# The data
────────────────────────────────────────
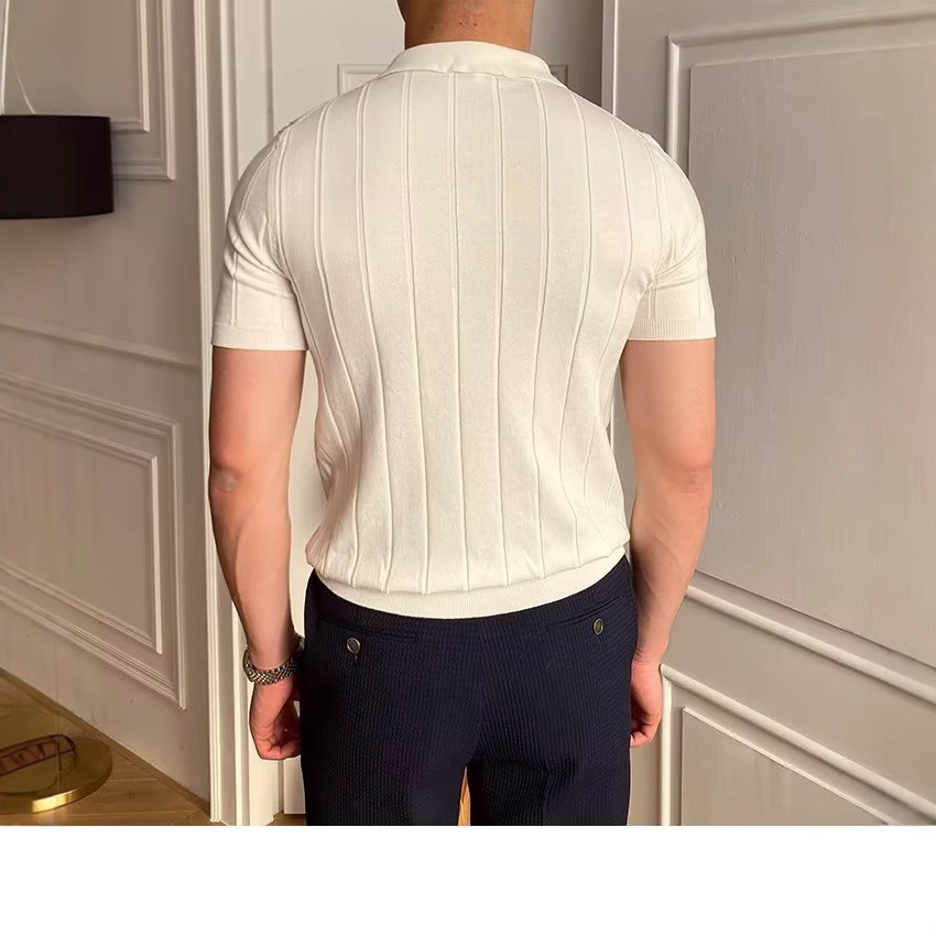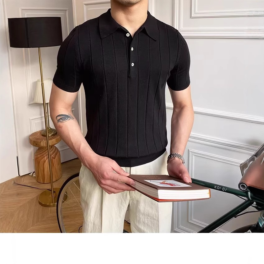 2025 весна и лето рубашка с воротником POLOO свитер мужской короткий рукав тонкая полосатый тренд сплошной цвет с лацканным воротником свитер для мужчин
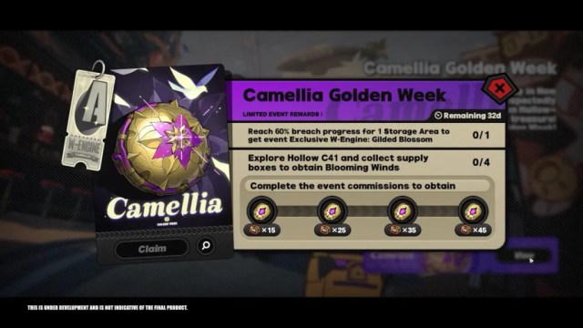 The Camellia Golden Week event will feature a variety of minigames and puzzle levels. Delve into a new Companion Hollow to earn Polychromes and an event-exclusive A-Rank W-Engine: Camellia.
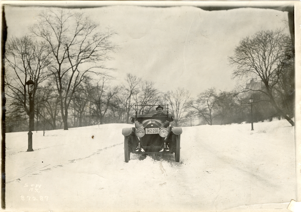 Front view of a motorist posing in a Mitchell car on a snow-covered road. Printed on front: "S & W, N.Y." Handwritten on back: "Mitchell, c.1916."
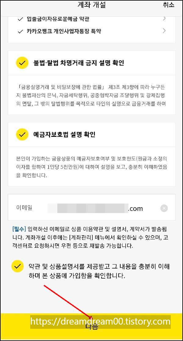 4. 계좌개설 관련 내용을 확인하고 체크한 후 다음을 클릭합니다.
────────────────────────────────────────
# Exercise brief
Emit the lines of the material exactly, from its first line to the line containing "The Camellia Golden", inclusive; leave every picture out.

# Completed exercise
 2025 весна и лето рубашка с воротником POLOO свитер мужской короткий рукав тонкая полосатый тренд сплошной цвет с лацканным воротником свитер для мужчин
 The Camellia Golden Week event will feature a variety of minigames and puzzle levels. Delve into a new Companion Hollow to earn Polychromes and an event-exclusive A-Rank W-Engine: Camellia.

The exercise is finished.